A Salesman's Lessons

C. R. Jena being a pass out from the prestigious IIT Kharagpur and then from XIMB uses trivial mathematics equations as his vade-mecum to establish analogies between mathematical models from the abstract (and his indulgence with science) into the tricky field of Sales, which he has been grappling for past many years.

I could not complete it. It is the second book so far that I could not complete. The first one was by Jay Elliot – The Steve Jobs Way. Rather, it would be safe to say that I am not ready to receive what this book has to offer.

But I also think that not everything that is written in a diary, from which we learnt something should go into the making of a book. I sure can make everything fit, but making a fit isn’t the point in writing the book, to make sense is. Besides, it hovers mainly around selling, with traces of marketing acumen. An apt statement that ‘Humans as such have always been buying or selling something or the other’. But if it isn’t fun, it isn’t worth doing it. Everything can be made fun, but unfortunately, this book, for now did not help me becoming interested in sales.

The author offers advice to people into the sales business but lucidly adds that the content can act as guidance for anyone who reads it.

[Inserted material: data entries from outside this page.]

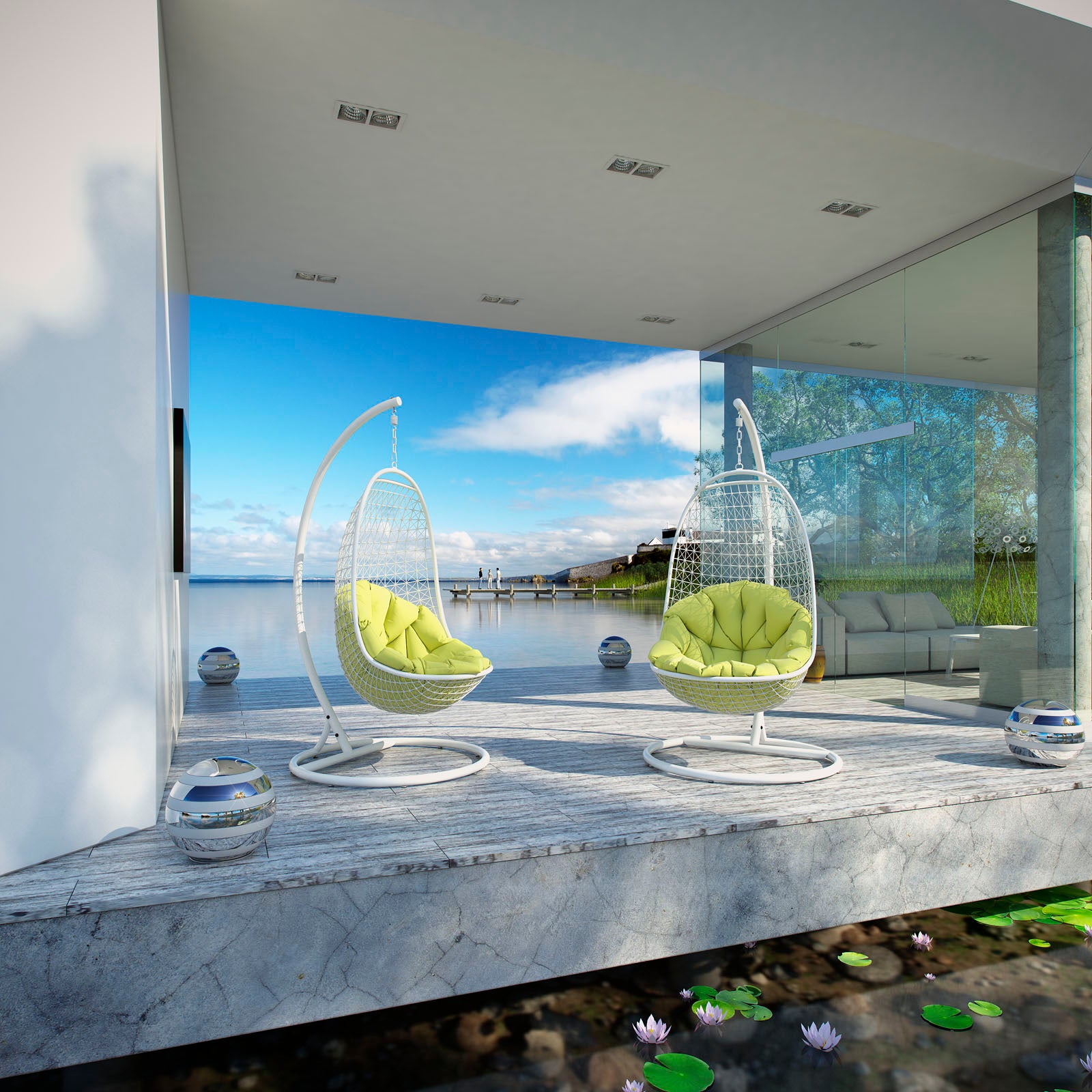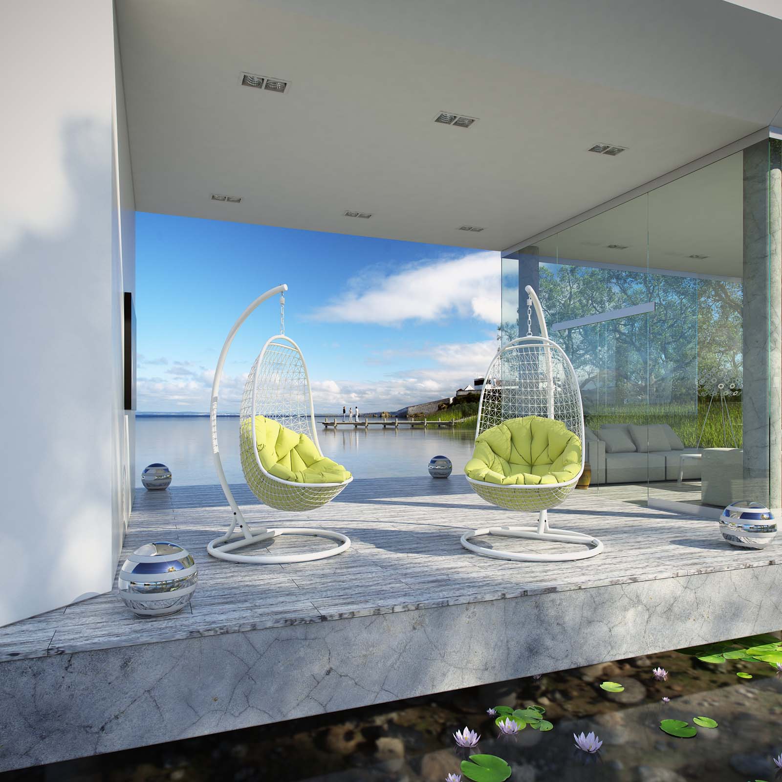 Sift through the sands of silent contemplation with this fanciful outdoor swing chair. Encounter Hanging Swing Chair is your guide through periods of growth and change. With a sturdy outdoor white metal stand and plush fluorescent green seating, set your sights on an awakened sense of confidence while safely ensconced in a patio swing chair with an elevated vantage point. Set Includes: One - Encounter Wicker Rattan Outdoor Wicker Patio Stand One - Encounter Wicker Rattan Outdoor Wicker Patio Swing Chair
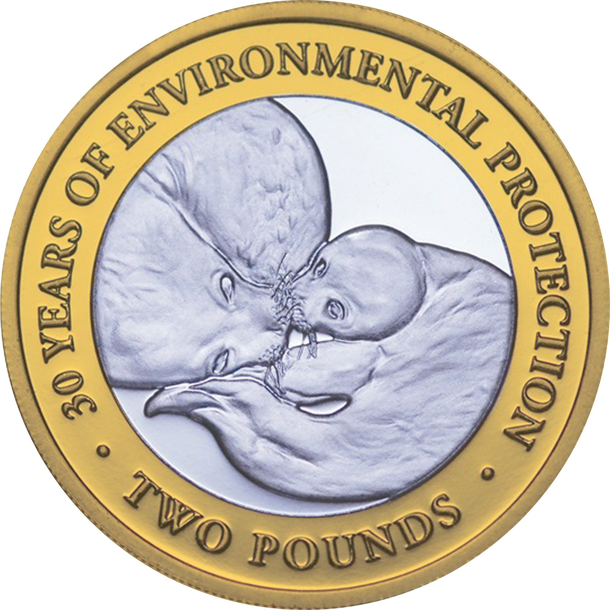The 2 Pounds coin issued by the British Antarctic Territory in 2021 features a striking design that highlights the importance of environmental protection. The obverse showcases a detailed portrait of Queen Elizabeth II, surrounded by the inscription 'BRITISH ANTARCTIC TERRITORY' and the year '2021'. The coin's unique composition includes a silver (.999) core with a gold-plated outer ring, enhancing its aesthetic appeal and intrinsic value. This combination of metals not only signifies the coin's commemorative nature but also elevates its desirability among collectors. As a limited issue, it reflects both historical significance and contemporary themes related to environmental conservation, making it a valuable addition to any numismatic collection.
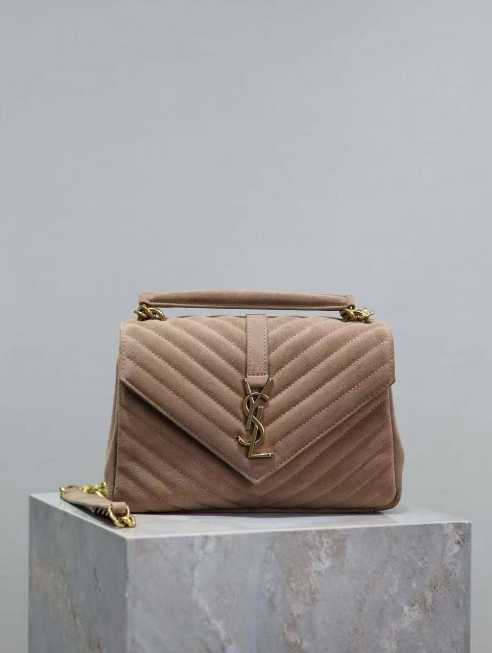 Borsa Saint Laurent in camoscio caramello con fibbia dorata 24 cm
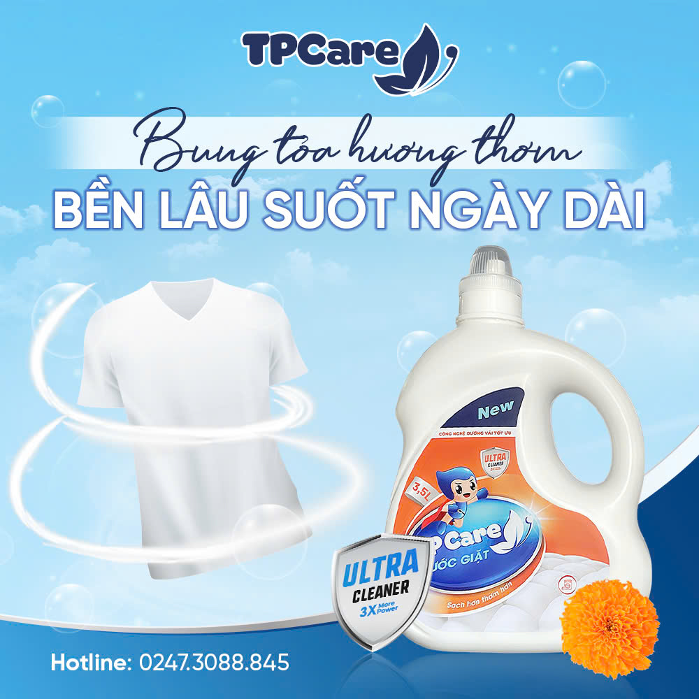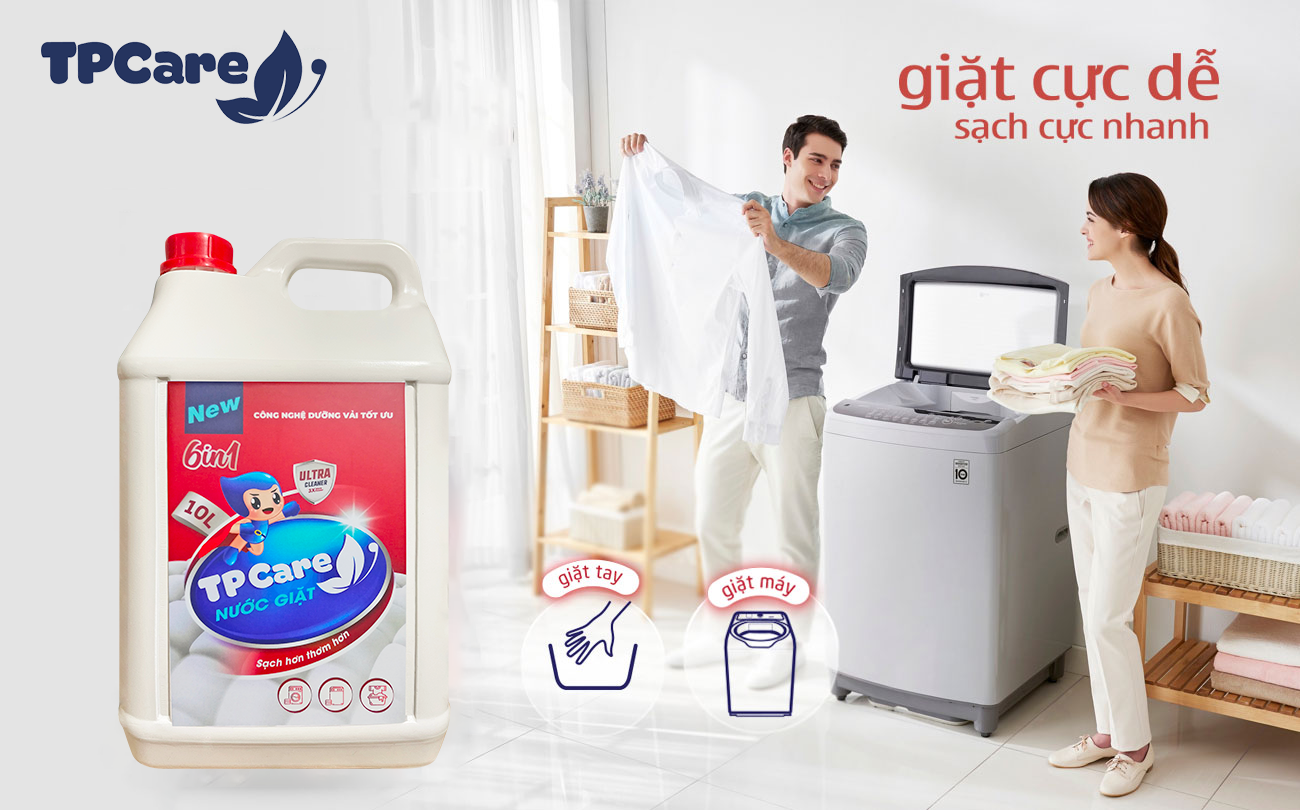 TPCare là thương hiệu đáp ứng tốt nhu cầu này, với sản phẩm nước giặt xả TPCare nổi bật nhờ công thức ưu việt, giúp quần áo sạch sẽ và bền màu, đồng thời tiết kiệm chi phí nhờ tích hợp cả hai công dụng trong một sản phẩm.

Sure, it has very important life lessons, like calling people when there is no work, for the sake of talking, or for feedback, or giving a cold call, as he said, but if you don’t like it, well, don’t do it. The key points or the punch lines that the author wants us to make for our own at the end of each chapter appear more clichéd to me than saying it plainly.

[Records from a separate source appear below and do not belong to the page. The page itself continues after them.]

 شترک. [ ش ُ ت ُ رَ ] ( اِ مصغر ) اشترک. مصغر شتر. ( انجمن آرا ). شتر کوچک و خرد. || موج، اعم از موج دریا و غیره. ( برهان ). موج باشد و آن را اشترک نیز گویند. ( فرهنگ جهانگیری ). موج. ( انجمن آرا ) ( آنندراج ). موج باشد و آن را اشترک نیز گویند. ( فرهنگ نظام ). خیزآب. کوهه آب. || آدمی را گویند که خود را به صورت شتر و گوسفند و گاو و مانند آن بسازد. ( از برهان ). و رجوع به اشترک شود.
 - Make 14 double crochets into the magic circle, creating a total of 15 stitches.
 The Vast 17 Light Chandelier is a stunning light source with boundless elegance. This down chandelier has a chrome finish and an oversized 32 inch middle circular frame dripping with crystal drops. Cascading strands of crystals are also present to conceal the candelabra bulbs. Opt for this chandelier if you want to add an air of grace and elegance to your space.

It was a tedious read, the editing is sloppy and inadvertent typos have crept in, in many places. The topics are disconnected, paragraphs seem to be incoherent and the language is, well, trivial. There is more to poor editing rather than poor writing in the book. It feels like reading a print out of someone’s journal made in MS Word with all kinds of bulleting (without scheme) and the rationale of adding two back to back quotations at the start of every chapter which again in many cases are unformatted adds to a reader’s dismay.

The blurb on the back cover makes a claim that the book tries to find answers like ‘does what we learn in schools and colleges really apply in the real world’? The author has tried to explain mathematically (which is more of a learning aid for him as it seems from the book), but does not attempt to show if anything he learned in ‘Sales’ (Management course) helped him in the real world.

This isn’t a book for salesmen either. It doesn’t tell you how to sell, or how to sell well, but only what you should do before and after the sale has been made. Here, I’d make a generic claim that being social can be made a mechanical task by following guidelines, but sales isn’t exactly a field for the socially introverted. If I don’t feel at ease talking, then talking on the phone or in personal meetings will be artificial and that will show.

The bottom line? I will not recommend it to anyone, salesman or not.

P.S.: Another reason for my not being 'into' the book could be that it was a force read. But a force read book, if any good, can always get me interested if it is really good (according to my tastes).